%%

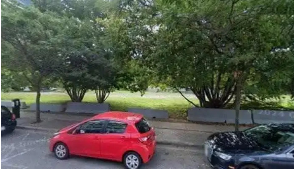
Flex psychology all
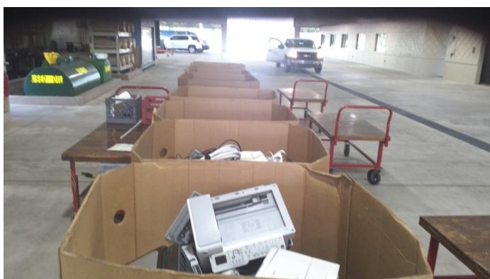
Electronic Scrap Area
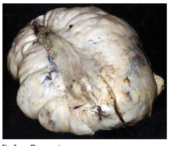
Fig 3. Dysgerminoma
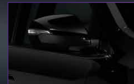
FIRST-IN-SEGMENT MEMORY ORVMs LINKED TO THE SEAT PROFILES

%%

Your reply should give again exactly the lines from the one with "Fig 3. Dysgerminoma" through the last line of the data, with both ends included and pictures left out.

Fig 3. Dysgerminoma
FIRST-IN-SEGMENT MEMORY ORVMs LINKED TO THE SEAT PROFILES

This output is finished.